Independence Poses Tests for Czechs, Slovaks

Preventing economic decline central to determining states's future

JOZEF PROKES likens Jan. 1 independence for Slovakia to moving into an apartment but having no furniture. It's a new start, says this Slovak nationalist, now vice-president of the Slovak Parliament.

After their 70-year marriage, Jan. 1 indeed marks a new beginning for the Czech and Slovak divorcees. But independence may not be as easy as going to the store and buying furniture.

"The jury is out" on how successfully the two republics will manage their new statehood, says a United States official in Prague. He adds, however, that the peaceful and businesslike handling of the split by both sides is encouraging.

"Our hope is that we will be able to look back and say this is a model that is not perfect, but better than what's happened in [former] Yugoslavia or the former Soviet Union," the US official says.

Whether this hope is fulfilled depends to a great extent on the economic futures of these two Central European republics. While the Czechs have followed textbook economic reforms so far, Slovakia is of great concern.

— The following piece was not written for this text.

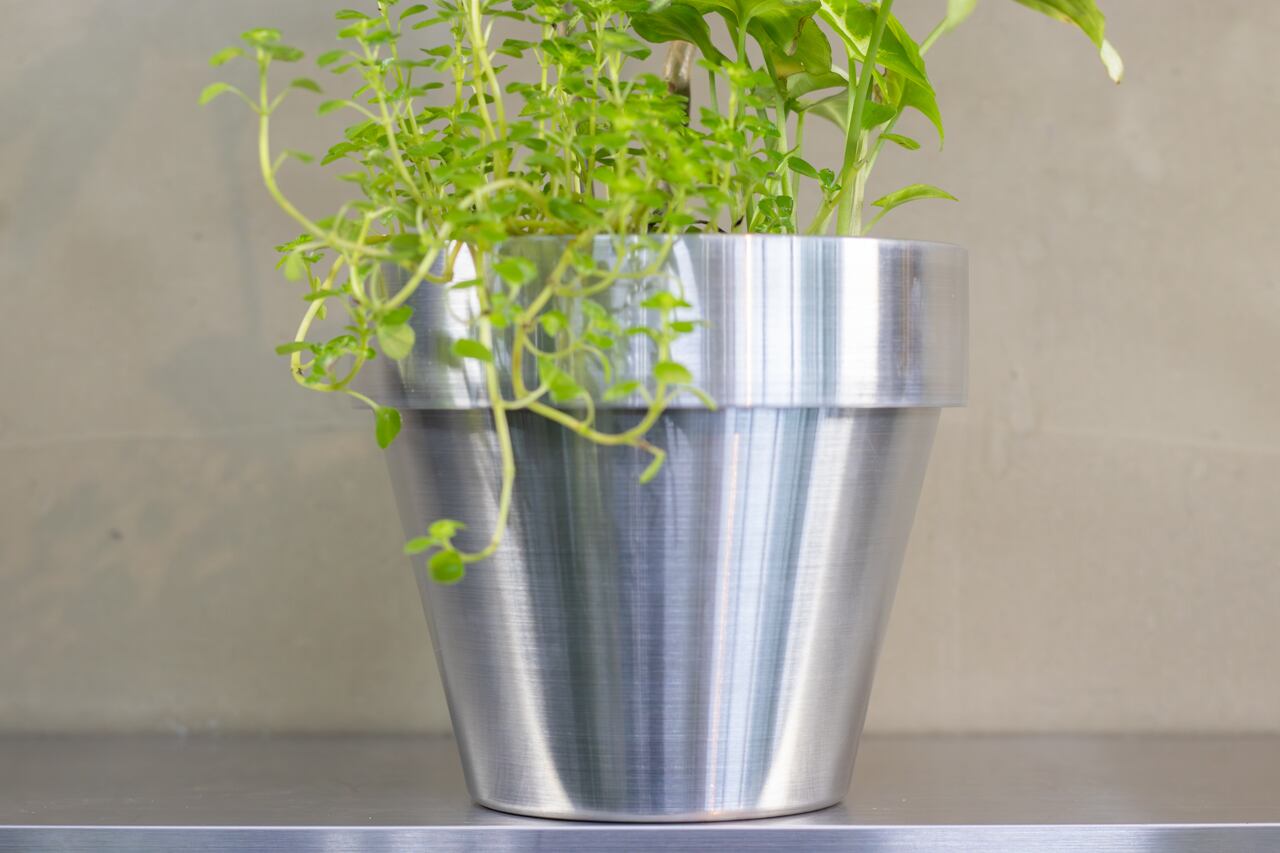 2011年にグッドデザイン賞を受賞したワンポッツ。ひとつひとつ、日本のヘラ絞り職人の手によって製作されています。一見ふつうの植木鉢ですが、重なり合う二つの部品で成り立っており、受け皿のいらない植木鉢です。

Slovakia is poorer and has an industrial base less suited to a market economy. Of Slovakia's 5 million inhabitants, 10.3 percent are unemployed, compared with 2.5 percent in the Czech Republic.

Foreign investors, at least for now, have given up on Slovakia. In 1992, according to Oldrich Dedek, deputy director of the State Bank of Czechoslovakia's Institute of Economics, 92 percent of direct investment is going to the Czech lands (Bohemia and Moravia).

The rest of the world might not be so concerned about the small Slovak economy were it not for the ripple effect that its downfall could cause.

Western diplomats in Prague paint a worst-case scenario that sees a quick and severe economic downturn in Slovakia that could result in political instability, the surge of extremist parties, the large Hungarian minority in Slovakia targeted as scapegoats, and Slovak economic refugees moving into the Czech lands. This would add to the instability already spreading in Central and Eastern Europe.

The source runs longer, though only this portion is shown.